Claude-skill-registry bio-read-qc-adapter-trimming

Remove sequencing adapters from FASTQ files using Cutadapt and Trimmomatic. Supports single-end and paired-end reads, Illumina TruSeq, Nextera, and custom adapter sequences.

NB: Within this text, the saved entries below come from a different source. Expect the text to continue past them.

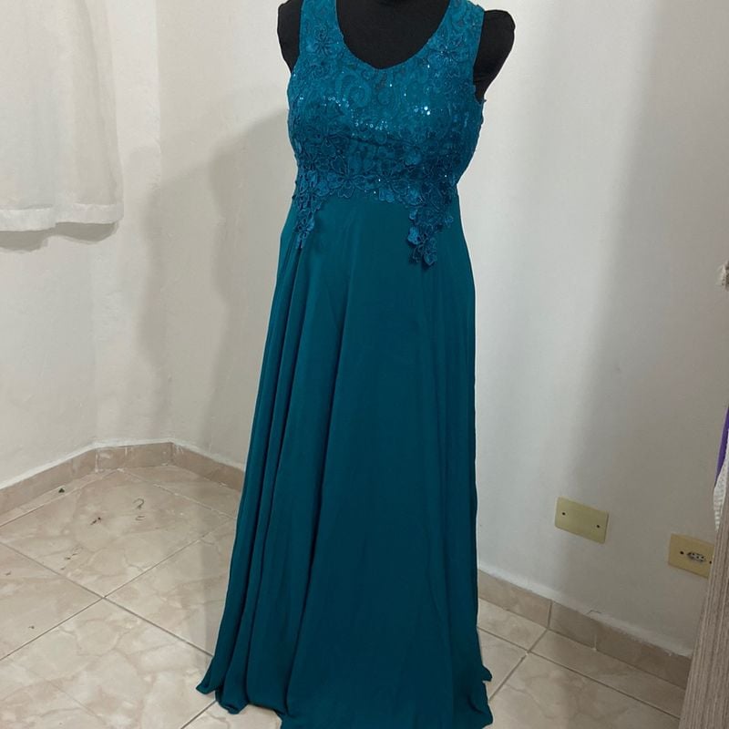 Vestido Longo Festa Madrinha Casamento Azul Turquesa Vestido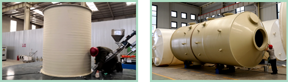 按照PPH錐形抽出盤圈技術應用手工加工做而成的全塑構成的耐酸堿不銹鋼塔器或臥式儲槽儲槽;結合在一起了細木工板二級定型的舊加工。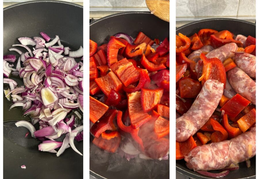 Om de salsiccia in de pan met paprika te bereiden, begin je met het pellen en in plakjes snijden van de ui. Doe de ui in een koekenpan met een scheutje olie en laat deze zacht worden op matig vuur. Spoel ondertussen de paprika’s af, verwijder de steelaanzet, de zaadjes en de binnenste draden, snijd ze in blokjes en voeg ze bij de uien. Laat alles even meebakken zodat de smaken vrijkomen en voeg daarna de salsiccia (Italiaanse worst) toe.
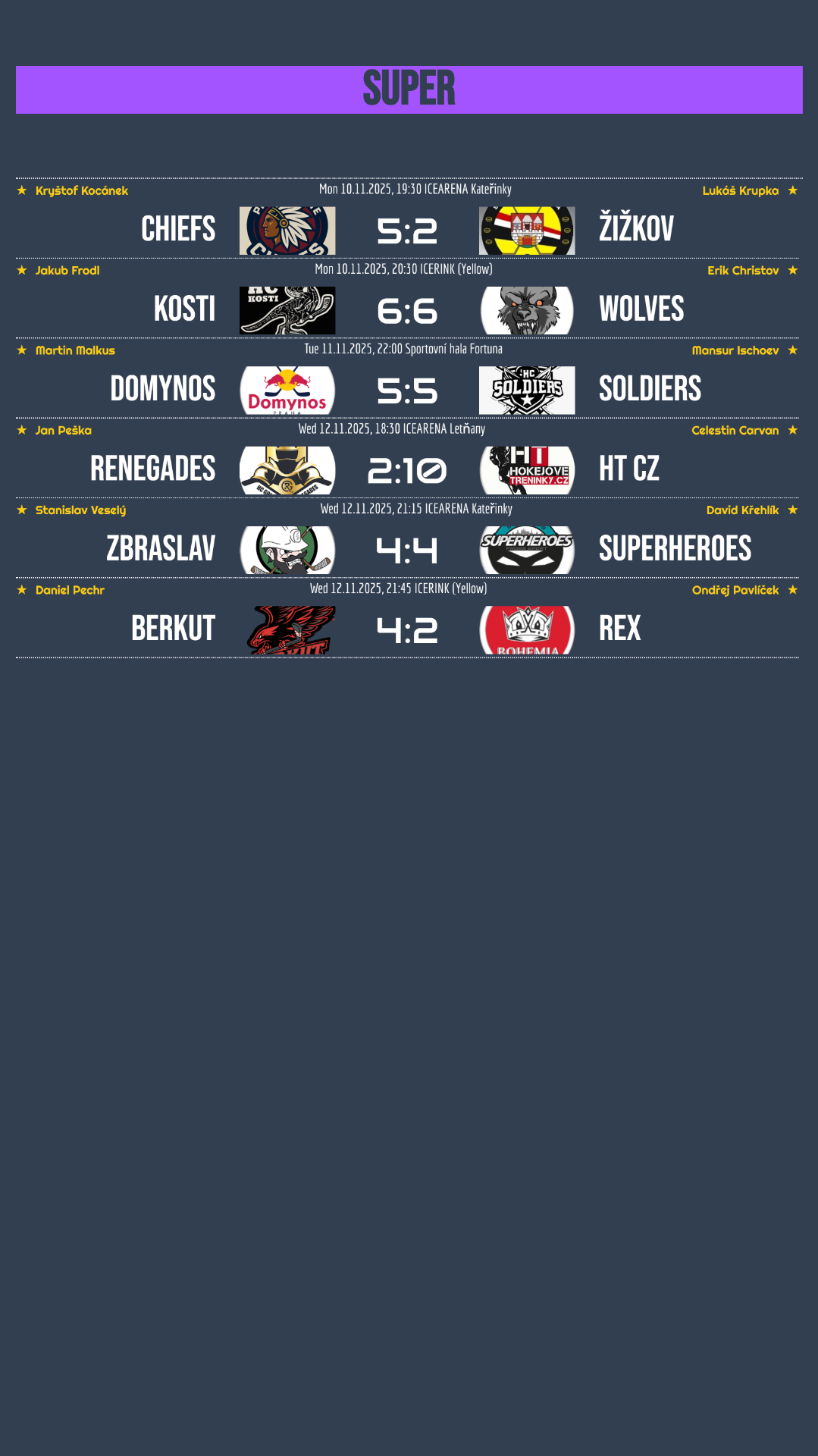 V Super divizi se tento týden odehrálo 6 zápasů, z nichž hned 3 skončily remízou, což jasně ukazuje, jak je divize vyrovnaná. Ve středu tabulky je boj opravdu napínavý a každý bod může rozhodovat o posunu směrem nahoru či dolů. Favorité si ale udrželi svou kvalitu a potvrdili své výkony. Je zřejmé, že i nadále budou určovat tempo divize a každý zápas proti nim je výzvou

Use when FastQC shows adapter contamination or before alignment of short reads.

install

source · Clone the upstream repo

git clone https://github.com/majiayu000/claude-skill-registry

Claude Code · Install into ~/.claude/skills/

T=$(mktemp -d) && git clone --depth=1 https://github.com/majiayu000/claude-skill-registry "$T" && mkdir -p ~/.claude/skills && cp -r "$T/skills/data/adapter-trimming" ~/.claude/skills/majiayu000-claude-skill-registry-bio-read-qc-adapter-trimming && rm -rf "$T"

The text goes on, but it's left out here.